Our ideal candidates thrives in ambiguity, build collaborative relationships, moves fast, and are passionate about meaningful work. They will have the technical skills to design and build complex distributed systems that runs at AWS scale. They prefer working on small, focused teams, own their product, and love to pitch in anywhere to get the job done. They lead by example and the team naturally gravitate towards them because of their engineering expertise and decision-making ability. They can communicate effectively with a wide variety of audiences and are comfortable pitching new ideas.
We are looking for candidates who thrive in an exciting, fast-paced environment and who have a strong personal interest in learning, researching, and creating new technologies with high customer impact. You will have an opportunity to influence product and leaders.
As an Applied Scientist you will partner with talented scientists and engineers to design, train, test, and deploy machine learning models. You will contribute to innovative features, improve our services based on customer requirements and help maintain a highly scalable data and model management infrastructure that supports cutting-edge research. You will be responsible for translating business and engineering requirements into deliverables and software products.
Prior domain knowledge in speech, natural language processing, or computer vision is strongly preferred; solid knowledge of fundamentals of statistics, machine learning, and deep learning is required. Candidates should possess strong software engineering skills and several years of industry experience.
Key job responsibilities
- Applying latest deep learning and natural language processing techniques to ship new features for our customer
- Convert ambiguous business questions into precise science problems
- Regularly ship deep learning models and natural language processing models that run at AWS scale
- Collaborate with engineers, clinical experts and product managers to deliver your solutions
What You'll Do:
* Collaborate with a team of Clinical experts, researchers and engineers in solving complex healthcare challenges
* Develop novel algorithms and modeling techniques for multimodal systems
* Apply latest deep learning, Gen AI and natural language processing techniques to build model-based solutions in Health domain
* Collaborate with cross-functional teams to create impactful products and services. Convert ambiguous business questions into precise science problem, and share insights/learnings from your experimentation to help product direction.

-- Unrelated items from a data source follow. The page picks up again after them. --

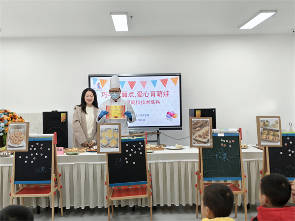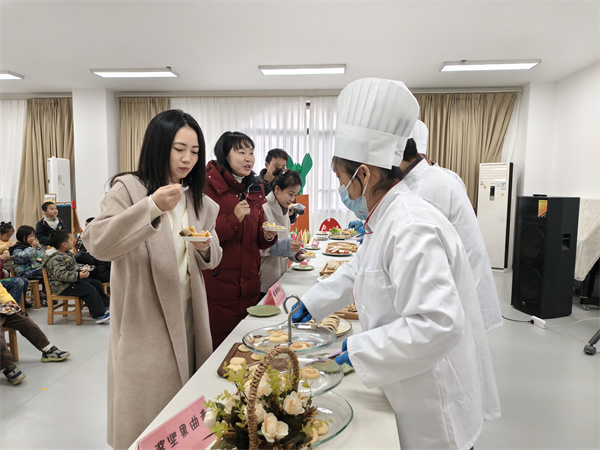 活动现场,食堂工作人员依次登台,带来蓝莓瑞士卷、滋味甜甜圈、南瓜开花包、金豆打滚儿、坚果曲奇饼干等创意面点。制作者们详细分享了食材搭配、工艺细节与营养考量,展现出扎实的专业功底。她认真聆听每位制作者对食材搭配、工艺细节、营养考量的讲解,不时点头赞许,随后参与投票环节,为心仪作品投上宝贵一票,并为获得一等奖的厨房工作人员颁奖。
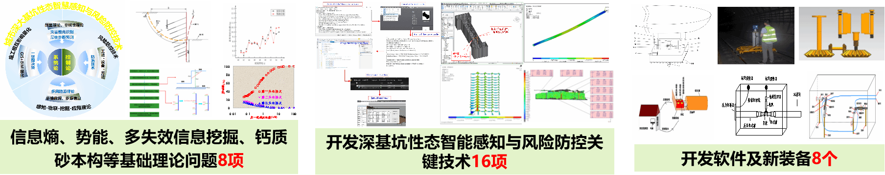 针对复杂环境下滨海城市深大基坑施工过程中的灾害前兆识别和风险防控技术,经过产学研合作研究,创建了深基坑施工信息感知-物联-挖掘-应用配套技术、复杂周围环境施工期相互影响实时多源信息GIS+BIM量化一张图决策方法,开发了BIM深大基坑围护体系风险识别软件和相关装备。
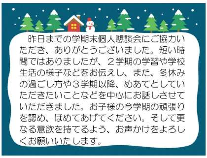 学期末個人懇談会、ありがとうございました

* Conduct cutting-edge research and publish in top-tier conferences and journals
What We're Looking For:
* Strong background in deep learning and multimodal systems
* Passion for applying AI to healthcare challenges
* Ability to lead and mentor research teams
* Experience in developing scalable, secure AI/ML systems
* Expertise in areas such as medical imaging, medical notes, ontologies, genomics, or clinical decision support
About the team
This team is responsible for building classical as well as GenAI solutions that directly integrate as solutions for HealthCare and Life Science users.
Why AWS?
Amazon Web Services (AWS) is the world’s most comprehensive and broadly adopted cloud platform. We pioneered cloud computing and never stopped innovating — that’s why customers from the most successful startups to Global 500 companies trust our robust suite of products and services to power their businesses.
Diverse Experiences
AWS values diverse experiences. Even if you do not meet all of the qualifications and skills listed in the job description, we encourage candidates to apply. If your career is just starting, hasn’t followed a traditional path, or includes alternative experiences, don’t let it stop you from applying.
Inclusive Team Culture
Here at AWS, it’s in our nature to learn and be curious. Our employee-led affinity groups foster a culture of inclusion that empower us to be proud of our differences. Ongoing events and learning experiences, including our Conversations on Race and Ethnicity (CORE) and AmazeCon (gender diversity) conferences, inspire us to never stop embracing our uniqueness.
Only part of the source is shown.